Прости меня, пожалуйста.
В четвертом классе случилась со мной загадочная история.
Мы учились во вторую смену. Кончились уроки, школа была уже пустая, гулкая, темноватая… Мой одноклассник позвал меня на второй этаж, ну где уже совсем никого не было. Я пошла, напряженно думая, зачем это?
Там он дал мне звонкую пощечину. Не торопясь, засунул руки в карманы, изрек многозначительно: «Ты знаешь, за что». И пошел домой. Не спеша, уверен был, что не побегу с лестницы спускать, навалившись.
А я стояла и размышляла, ну действительно, за что? Перебирала в памяти ближайшие события, ничего такого связанного с ним, я вообще его не замечала, он – меня…
И не ябедничала на него, и не дралась с ним, и сидела далеко, и даже не дразнила, не обсмеивала, язык не показывала…
В голову лезли дурацкие мудрости взрослой дворовой жизни: бьет, значит, любит. Или ревнует.
Меня никто не любил, да и как можно меня любить: длинная не по годам, некрасивая неуклюжая девица, замирающая некстати, городская дурочка, всегда бегущая сзади… а раз не любить, так и ревновать ни к чему…
Но это все глупости.
Моих знакомых сверстников, погибших только в Афганистане, – 24. И он – среди них, так что я никогда не узнаю.
* * *
Нас интересовало, почему у Ленина не было детей.
Учительница русского нам сказала: он был так занят революцией, что не до детей было. Это не убеждало.
Ну и что, все заняты, вон, Бертина мама на трех работах, и детей две штуки, и никакого мужа, еще бабушку кормить. Или Худайбердыевы, у них вообще детей не сосчитаешь, сколько по двору ползает, а у ихней матери революционный орден. Да сколько таких примеров!
Среди нас, интересующихся, был Петя Еремеев – глубокодумающий мальчик. Он сказал, что как раз вожди революции должны иметь помногу детей, чтобы продвигать эту революцию дальше было кому. А от Худайбердыевых никакого толку в революции не будет, они беспрерывно жуют и даже не дерутся.

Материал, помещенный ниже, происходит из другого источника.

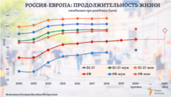 Для сравнения: в странах Европейского союза (в среднем по всем) уровень ожидаемой при рождении продолжительности жизни в 78 лет был пройден в 2003-2004 годах.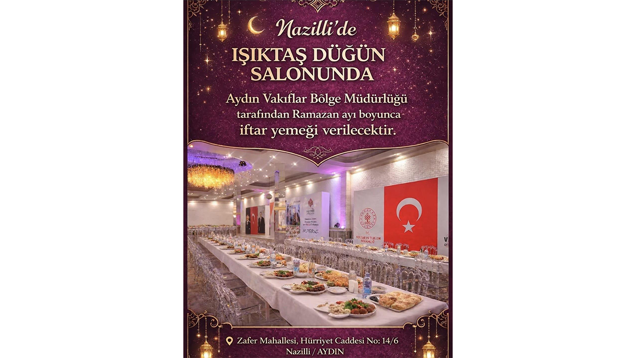 Aydın Vakıflar Bölge Müdürlüğü, Ramazan ayı boyunca Nazilli’de vatandaşlara iftar yemeği verecek. İftar programı, Nazilli’de bulunan Işıktaş Düğün Salonu’nda gerçekleştirilecek.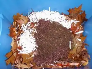 - The third step is to prepare the bedding for the worms. Once the bedding has been chosen (leaves, newspaper, sawdust), start by submerging it in water. Remove the bedding from the water and squeeze out the water. Then take the bedding and lay it in the storage area. There should be roughly 5 cm of bedding across the floor of the storage area. The bin is now ready for worms and composting.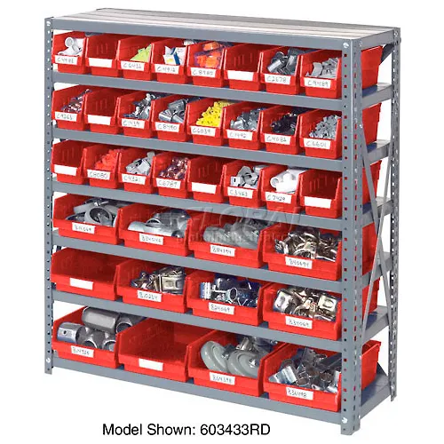 Global Industrial Steel Shelving with Total 42 4"H Plastic Shelf Bins Red, 36x12x39-7 Shelves

Так как Ленин был хороший и правильный, то вопрос был скорее насчет здоровья, вот поэтому мы и зажали в коридоре Евдокию Дмитриевну, учительницу биологии. Мы специально подошли к ней на перемене, когда вокруг были другие учителя, чтобы ей не отвертеться.

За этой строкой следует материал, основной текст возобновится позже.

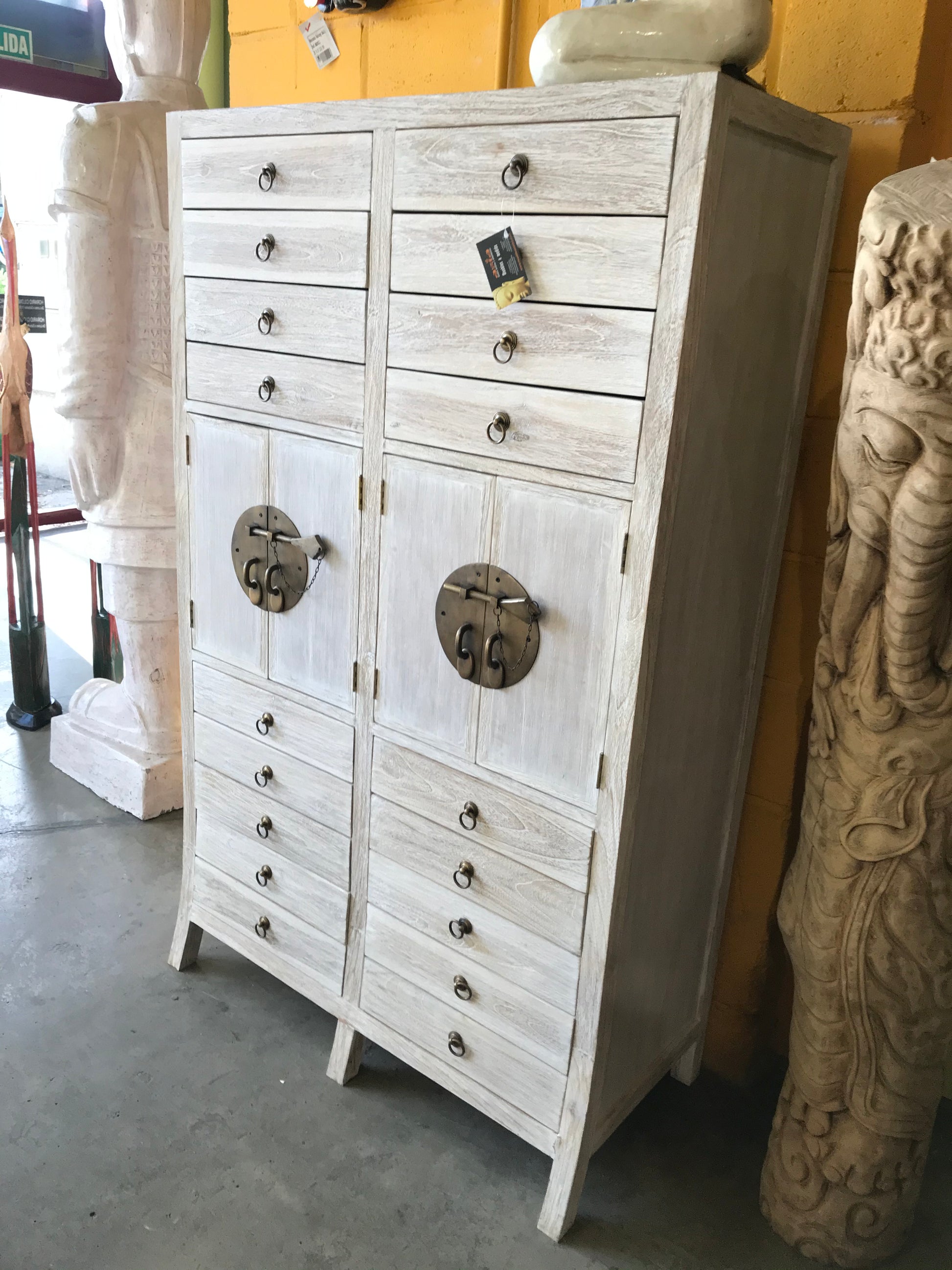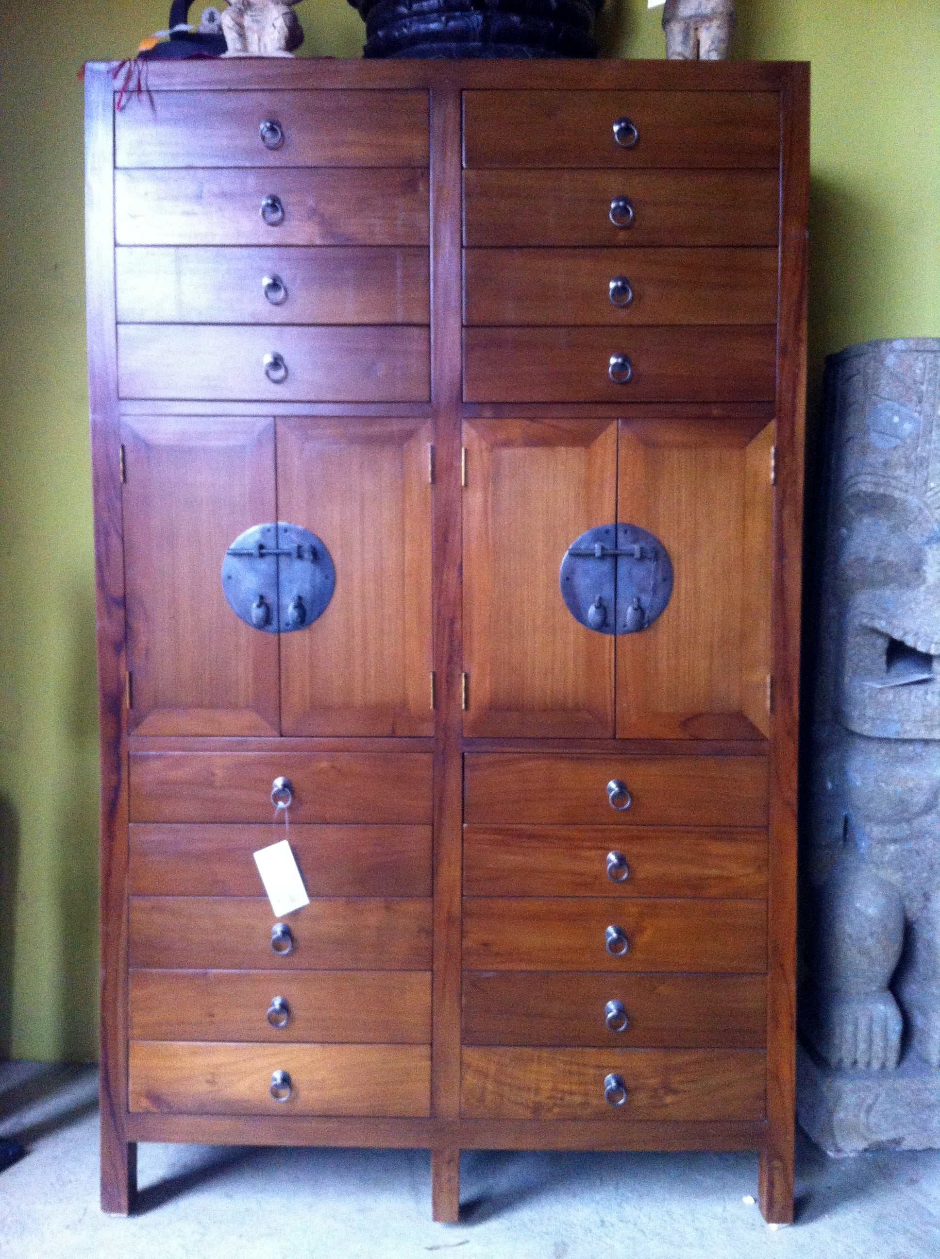 Sinfonier colonial de teca maciza, diseñado a medida para adaptarse perfectamente a tu espacio. Configura libremente el número de puertas y cajones según tus necesidades de almacenamiento. La teca, madera noble de gran durabilidad, garantiza una pieza que trasciende generaciones. Su elegante línea colonial combina funcionalidad con estética atemporal, convirtiéndola en protagonista de cualquier dormitorio o salón. Acabado impecable y construcción artesanal que refleja la calidad de los muebles de Asia Muebles.

Петя Еремеев громко сказал:
– Евдыкия Дмитрывна, люди грят, у Ленина была болезь – сыпилиз. Это правда, что от сыпилиза детей нема?
Петя был бедный сирота, никто бы его ругать не посмел. И родителей вызвать нельзя – потому что он жил у какой-то пьяной родственницы, а с ней разговаривать бесполезно.
Учительница немецкого Роза Исмаиловна захрюкала в платочек. Евдокия Дмитриевна побагровела, шумно задышала и закричала:
– Еремеев, ты смерти моей хочешь? Пошел вон!
Мы разлетелись за секунду. Петя обещал выяснить у Хащенки-второгодника, у того брат работал в милиции. Наверняка он знал.
* * *
Учительница немецкого Роза Исмаиловна, которая от Ленина захрюкала в платочек, была веселая женщина.
Она считала, что ей очень повезло в жизни, когда она закончила Ленинабадский педагогический институт, вышла замуж за ташкентского татарина, переехала на нашу улицу и пришла работать в нашу школу.
Но в начале жизни Розе Исмаиловне не повезло: она родилась крымской татаркой в 1933 году в Крыму.
Так вот, когда она была еще просто девочка Роза и была война, они уже почти не учились. С утра ходили в школу ненадолго, а потом собирали каперсы вдоль дороги, орехи в заброшенных садах, помогали на огородах – в общем, пытались прокормиться.
Однажды утром они пришли в школу как обычно, но потом их окружили солдатами и повели к грузовикам.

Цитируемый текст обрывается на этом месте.